The GLSL texture2D procedure call reads the texel at the current texture coordinate. This procedure typically returns a floating point, four-element vector (containing red, green, blue, and alpha values). But with a greyscale image, the red, green, and blue values are the same, so the appending .r keeps only the red channel and assigns it to the float i.
The GLSL texture1D procedure takes two parameters, the lut and i (the texture coordinate that instructs it which texel to sample). This value normally ranges from 0.0 to 1.0 (0.0 being the first texel, 1.0 the last).
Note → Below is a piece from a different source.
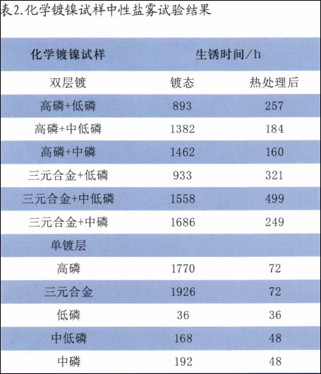 作者认为,高磷和镍锡磷化学镀镍层耐蚀性优良,但耐磨损性能较差,可作底镀层;低磷化学镀镍具有较高的镀态硬度,以其作为面镀层,可兼顾耐蚀和耐磨性能。高光亮的化学镀镍多半为中磷或中低磷化学镀镍,以其作为面镀层可满足对于镀件的装饰性要求。作者采用冷轧钢板试片,镀厚25μm,若双镀层,则为底镀层15μm,面镀层I0μm。试样中性盐雾试验结果如表2所示。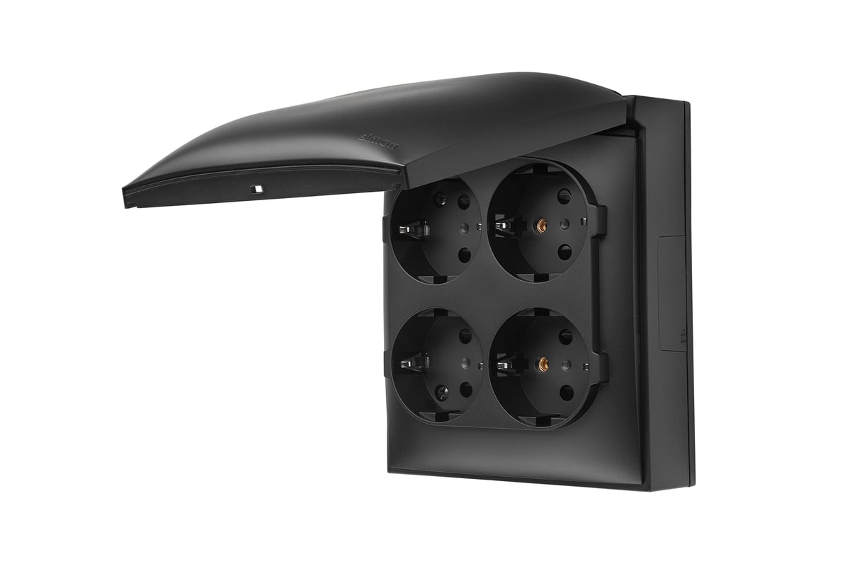 Simon X4 firedobbelt Schuko-stikkontakt, sort

Since the value read from the image into i also normally ranges between 0.0 and 1.0, it is possible to use it directly as a texture coordinate to do the lookup.
When performing a lookup on the CPU, you directly access the LUT array using the pixel value as the index. A pixel value of 0 corresponds to the first entry in the LUT and a pixel value of 255 corresponds to the last entry.
However, in a shader program the texture coordinate lookup is possible because before a pixel reaches the fragment shader it is converted to floating point by OpenGL. In the case of an 8-bit greyscale image, the range is 0.0 to 1.0. That means a pixel with value 0 becomes 0.0 and 255 becomes 1.0. When doing the coordinate texture lookup on the GPU, the texture1D procedure does the lookup by using the converted pixel values where pixel value of 0 corresponds to the first LUT entry and a pixel value of 1.0 (converted from 255) corresponds to the last entry.
Assign LUT Shader Program to Shader Object
You need to supply the program code to the shader object so that it is available to the graphics card when it is needed. To accomplish this, you can use shader object properties VERTEX_PROGRAM_FILE and FRAGMENT_PROGRAM_FILE to associate external shader program components with the shader object.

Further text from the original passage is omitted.